A small model cannon that was removed from Hobart’s Anglesea Barracks Sergeants’ Mess in October 2014 was returned to the mess on 25 September, resulting in a considerable donation to Legacy.
Navy Headquarters - Tasmania Operations Officer and Secretary of the Mess, Chief Petty Officer Combat Systems Manager Jamie Schmith, said the cannon was originally donated to the mess by senior sailors from the Bathurst-class corvette HMAS Wagga when the ship visited Hobart in 1956.
“A tradition started where the Navy ‘acquire’ the cannon whenever they’re in port and, on relocating it, are required to donate $20 to Legacy and then 50 cents a day while it’s gone,” Chief Petty Officer Schmith said.
“The historic cannon is the soldiers’ version of ‘The Esther Williams Trophy’ with what is felt a lot more history.
“The cannon was in the Dardanelles on Anzac Day this year before being transferred from HMNZS Te Kaha, which ‘acquired’ it from HMAS Arunta, while in Albany commemorating the final embarkation of Anzac forces before sailing for Cairo.”

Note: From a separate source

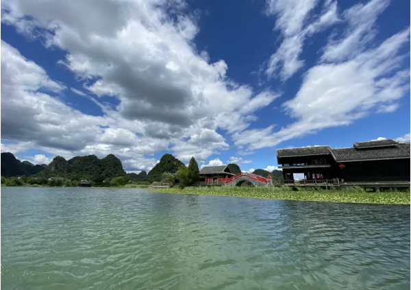 高六米的大型漢白玉劉三姐塑像、碩大的多種石雕繡球、還原當(dāng)年劉三姐與阿牛哥定情誓約的百年古榕、以及風(fēng)雨長(zhǎng)廊、壯寨干欄、瑤寨木樓、侗族鼓樓等均全國(guó)少見(jiàn)。再現(xiàn)電影《劉三姐》中莫府、阿牛家等場(chǎng)景,經(jīng)典劇場(chǎng)中的“民族歌舞秀”讓您親身領(lǐng)略少數(shù)民族的獨(dú)特風(fēng)情。

According to Chief Petty Officer Schmith, the cannon had some interesting new additions.
“It has a plaque from Vice Admiral Horatio Nelson’s flagship, HMS Victory, the oldest ship still in commission with the Royal Navy, and exclusively run by chief petty officers,” he said.
“Chief Petty Officer Marine Technician Mark Powell, mess president of the Chief Petty Officer & Warrant Officers' mess in HMAS Anzac, accompanied the cannon for the official handover.”
According to Chief Petty Officer Powell, he took possession of the cannon on the morning of 25 April after receiving it from Te Kaha while off Canakkale in Turkey.
“Anzac took receipt of the cannon before Te Kaha sailed for Operation MANITOU, when both ships were moored in the Dardanelles Strait, a fitting chapter to the history of the cannon,” he said.
“The transfer was by RHIB.”
Chief Petty Officer Schmith said with the return of the cannon, Legacy received donations amounting to $1,500 from its 11-month absence.
“The Kiwis donated $550, the crews of Arunta $500, and Anzac $450,” he said.
After each ‘liberation’ took place, small plaques were added to the base, with additional wooden bases being added as more space was needed, with the current bottom base being made from part of the decking of USS Missouri.